Freya menatap lembaran formulir yang disodorkan mamahnya. “Surat pengunduran diri?”
“Semester depan, kamu tidak perlu masuk kuliah lagi. Kalo kamu bisa fokus belajar selama enam bulan ke depan, kamu bisa ikut ujian masuk perguruan tinggi lagi. Ambil jurusan yang lebih baik. Mamah yakin kamu bisa.”
“Nggak mau, Mah,” jawab Freya dengan suara bergetar.
“Kamu hanya perlu turutin kemauan mamah. Cepat isi!”
“Aku nggak mau!”
“Jangan membantah mamah, Freya!”
“Aku nggak mau hidup kaya gini!”
Alena terdiam menatap sang anak yang baru saja berteriak di wajahnya. Deru napas keduanya mendominasi ruangan. Isakan Freya terdengar semakin nyaring.
“Maksud kamu apa?”
“Aku nggak bisa napas, Mah,” rintih Freya menahan sesak.
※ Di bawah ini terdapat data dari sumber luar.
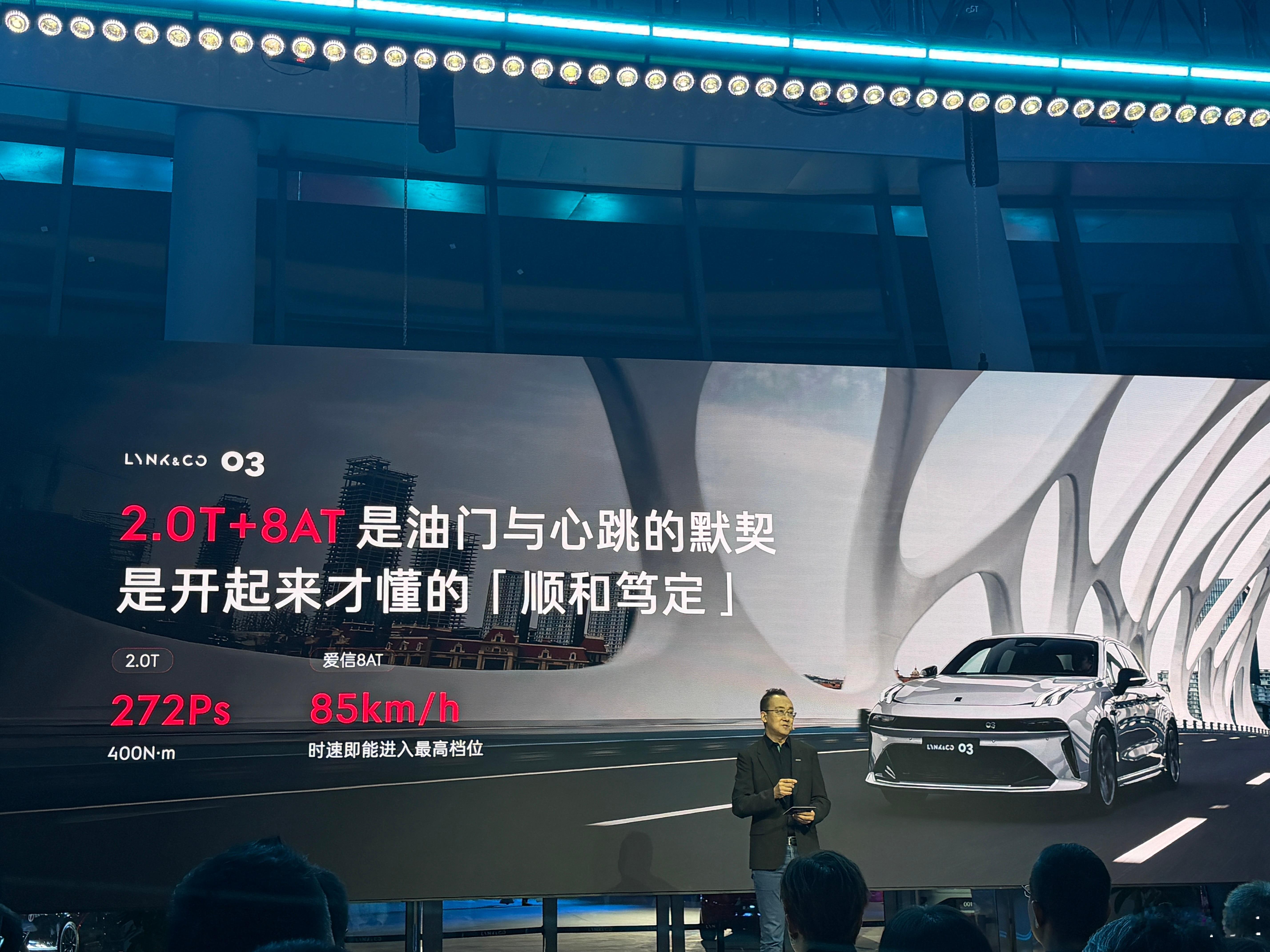 领克03搭载2.0T+8AT,新车动力为272Ps,最大扭矩为400N·m。

Alena menggeleng pelan. “Kamu selalu turutin semua kemauan mamah. Kenapa sekarang kamu jadi begini? Kamu sudah berjanji mau turutin semua keinginan mamah.”
“Karena mamah nggak pernah mengerti perasaanku! Mamah selalu melakukan semuanya dengan sesuka hati mamah! Semua itu bikin aku gila!” teriak Freya semakin keras. Semua rasa yang ia pendam selama ini berselancar mulus dari pengucapnya. Tak ada lagi ruang yang tersisa untuk terus memendam sesak.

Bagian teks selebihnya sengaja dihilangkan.